In the decision of purge-or-be-purged, it is easy to guess which American political party is likely to opt for which choice.

The concept of a political purge is indelibly associated with Stalin and the Soviet Union, which codes them as foreign and aberrant. Many purges were indeed the violent acts of establishing purported unity in dictatorships, like the many Soviet purges or the Nazi “Night of the Long Knives” in 1934. Others were violent but not dictatorial, like the French épuration légale of 1944–1949, in which about fifty thousand Vichy officials and Nazi collaborators were stripped of their offices and civil rights, and nearly eight hundred people were executed, including Pierre Laval, the former prime minister. Others were neither violent nor dictatorial, as in the “lustration” in Eastern Europe in the 1990s, when former members of the communist security apparatuses were investigated and removed from public office, especially in the Czech Republic, Hungary, and Poland.

Although never called “purges,” there have been at least three, possibly four, moments in American history when the political order was recast after the removal of some large group of opponents. The first was the removal, expulsion, and flight of the Loyalists from the American colonies before the framing the Constitution. The second was the refusal of the congressional majority after the Civil War to seat Southern senators and representatives until 1868, which allowed for the two-thirds vote needed to pass the Thirteenth and Fourteenth Amendments. The third was the violent racist overthrow and suppression of Reconstruction state and local governments, and especially Black politicians, that allowed for the establishment of the Southern Jim Crow system. The bipartisan enthusiasm for the suppression of communists and socialists from American public life during the twentieth century might constitute a fourth. From at least the Palmer Raids in 1919–1920 to the persecutions of the House Un-American Activities Committee, the use of state violence, deportation, and incarceration strangled the political left. Truman’s “Federal Employees Loyalty Program,” for instance, fired some twenty-seven hundred federal employees and led to the resignation of twelve thousand more, during its peak years, between 1947 and 1956.

Whether called a purge or not, the systematic judicial removal of political opponents from public power has frequently been a component of transitional justice, when new regimes seek to establish the legitimacy of their new political order on the basis of stability and unity. Stability and unity have been in short supply thus far in the twenty-first century. When Republicans call for the arrest of their opponents, they are not calling for a civil war; they are calling for a purge. Likewise, when progressives imagine the January 6 committee removing Trumpian allies, or perhaps creating an opening to impeach Clarence Thomas, they, too, are envisioning a purge. But in the decision of purge-or-be-purged, it is easy to guess which American political party is likely to opt for which choice.
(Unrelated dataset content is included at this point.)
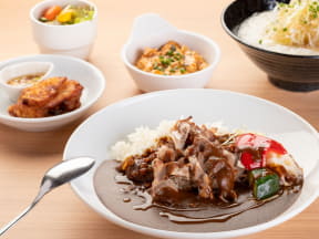1階レストランには、札幌市民のソウルフード「ザンギ」で知られる地元の有名店「中国料理布袋」が出店。朝食では布袋のザンギや麻婆豆腐などを盛り合わせたプレートセットを提供するほか、アパ社長カレーとのコラボメニューも用意している。

The opportunity to restore legitimacy through ending impunity came and went between 2008 and 2012. To be exceedingly clear, I am not predicting a purge and certainly not calling for one. Instead, the lack of legitimate prosecutions and investigations to restore a public sense of justice and faith in the rule of law has created a hole in our political imaginary, now filled by investigations or calls for arrests. There is a specifically American variant to these political pathologies, but the legitimacy crisis is international, as was the fallout of 2008 and the subsequent politics of austerity. There was no justice for the Iraq War, the 2008 crisis, the austerity years, and as a result the world around us is constituted by the frantic, inchoate desire to hold someone accountable for something, and how utterly powerless most people are to do just that.